Open Access

Cervical cancer in 2 women with a Mirena®-pitfalls in the assessment of irregular bleeding: a case series

  • Sabina de Weerd1Email author,
  • Pieter J Westenend2 and
  • Sjarlot GS Kooi1
Cases Journal20081:62

DOI: 10.1186/1757-1626-1-62

Received: 16 July 2008

Accepted: 26 July 2008

Published: 26 July 2008



The levonorgestrel-releasing intra-uterine device (Mirena®) is an effective, long term form of contraception that leads to a significant reduction of menstrual bleeding among majority of women. However, irregular bleeding is quite common in initial Mirena® users and may thereby mask underlying cervical pathology.

Case presentation

Two women with cervical cancer and a Mirena® initially presented with irregular bleeding, posing a diagnostic pitfall which resulted in doctor and patient delay.
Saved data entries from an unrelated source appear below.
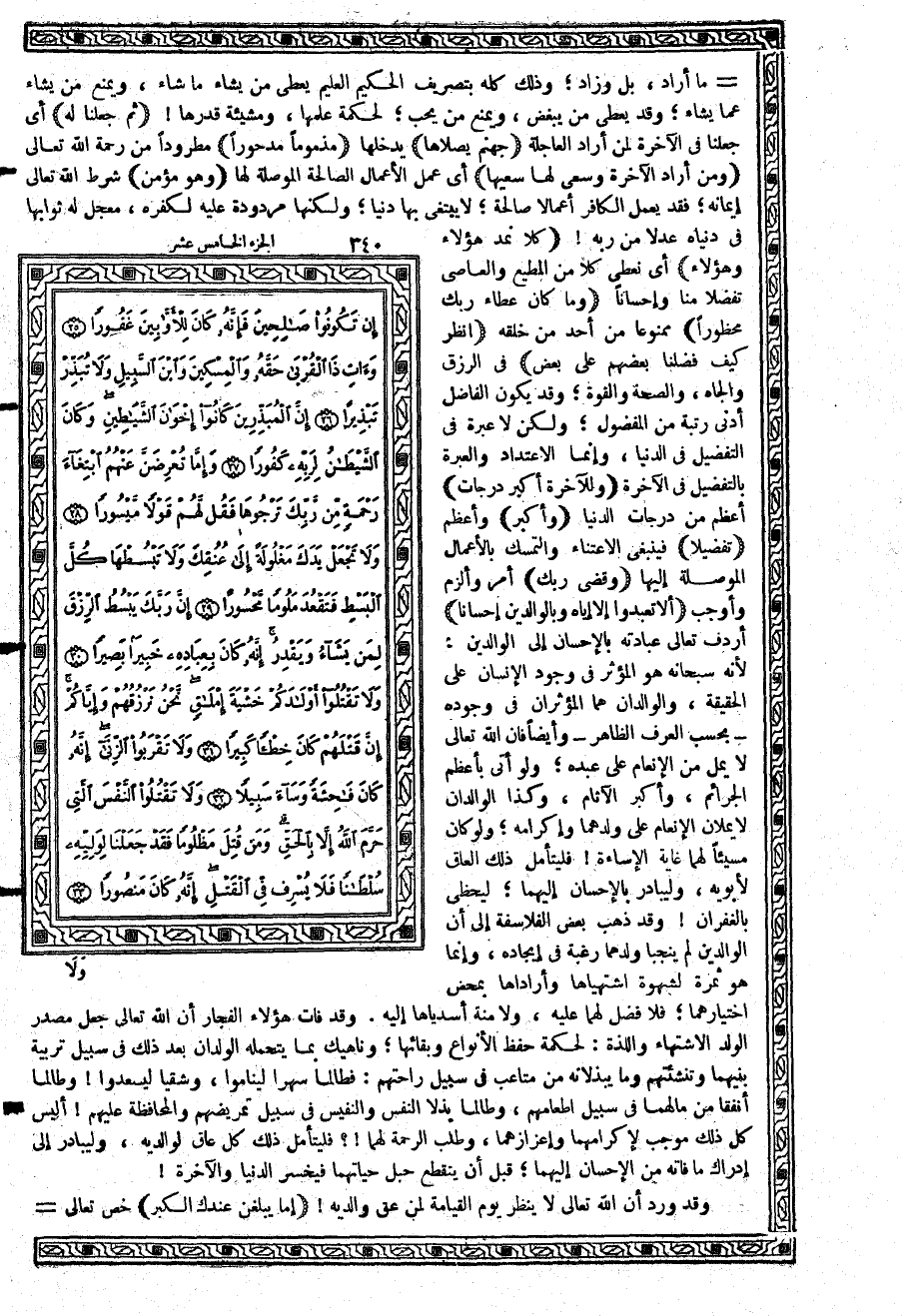 -[341]- الكبر؛ لأنه مبعث الضعف والحاجة، ومظنة الملل والاستثقال {فَلاَ تَقُل لَّهُمَآ أُفٍّ} وهي أدنى كلمة تقال في التضجر. وقد ورد عن الرسول صلوات الله تعالى وسلامه عليه: «لو علم ربك دون أف لنهى عنه»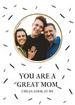 Op deze leuke moederdagkaart staatL You are a great mom. I mean look at me. Ook kun je een foto toevoegen.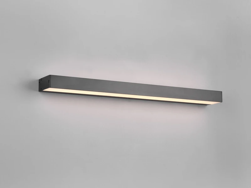 Der Schwarz matte Korpus verleiht der Badezimmer Lampe eine dezente Optik. Mit einer Breite von 60 cm und einer Ausladung von 8cm kommt sie auch in großen Bäder gut zur Geltung und überzeugt durch effektives, aber dennoch blendfreies Licht.
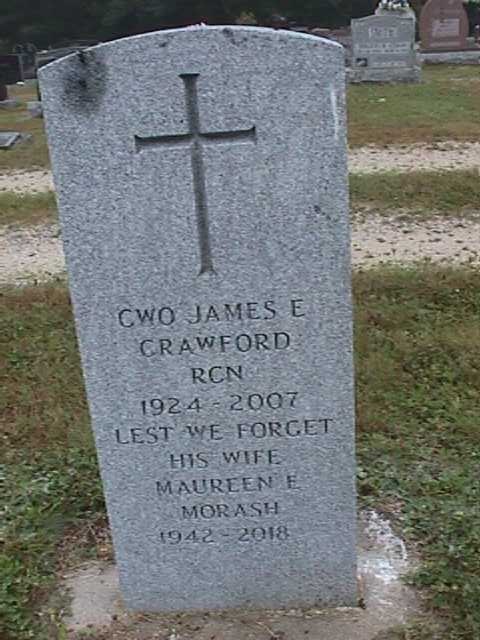 for CPO1 James Crawford in the Bayview Cemetery, Chester, Lunenburg Co., NS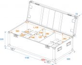 | Maximum load: | 50 kg | | Aluminum profile frames: | 30 mm | | Case handle: | 4 pc/pcs | | Lock: | Butterfly lock: 2 pc/pcs | | Transport aid: | 4 x castors with 2 locking brakes 4 x built-in stacking trays in the cover | | Material: | Plywood multi-layer glued, 10 mm | | Color: | Black, laminated | | Device compartment: | 22 cm x 22 cm x 26.5 cm | | Accessory compartment: | 12.5 cm x 28 cm x 23.5 cm | | Inside dimensions: | 113.5 cm x 58 cm x 26.5 cm | | Accessory compartment: | 12.5 cm x 19 cm x 23.5 cm | | Dimensions: | Width: 119 cm Depth: 63.5 cm Height: 50 cm | | Weight: | 33.00 kg |   |  |  |  | |

Proper evaluation of irregular vaginal bleeding, including cervical cytology, should be a prerequisite among all women opting for a Mirena® and must be repeated in case of persisting symptoms.


The Mirena® (levonorgestrel-releasing intra-uterine device) has proven to be an effective, long term and reversible form of contraception that leads to a significant reduction (90%) of menstrual bleeding among the majority of women [1]. It is thereby also an alternative to hysterectomy and endometrial ablation for menorrhagia, including among perimenopausal women [2]. However, since irregular bleeding is quite common in initial Mirena® users, this symptom may mask underlying cervical pathology as presented below.

Case 1

A 40-year old nulligravida was referred to our outpatient clinic because of menorrhagia and irregular bleeding since 2 years, unresponsive to oral contraceptives. Her general practitioner obtained a Papanicolaou (Pap) smear at initial presentation of symptoms, which revealed no abnormalities. Inspection of the cervix showed no lesions, polyps or unusual bleeding. By vaginal ultrasound an intramural fibroid was seen in the fundus, measuring 4,5 cm × 4,5 cm and no further uterine anomalies. The next day, a Mirena® was inserted. She returned to our clinic 2 weeks later due to abdominal cramping. The Mirena® was in place. She was treated with antibiotics and painkillers on a presumptive diagnosis of pelvic inflammatory disease. Two months later at follow-up, the Mirena® was still in place and irregular bleeding continued. As this is a common symptom in the first 3 months of Mirena® use, she was reassured and instructed to make a new appointment if the bleeding were to persist.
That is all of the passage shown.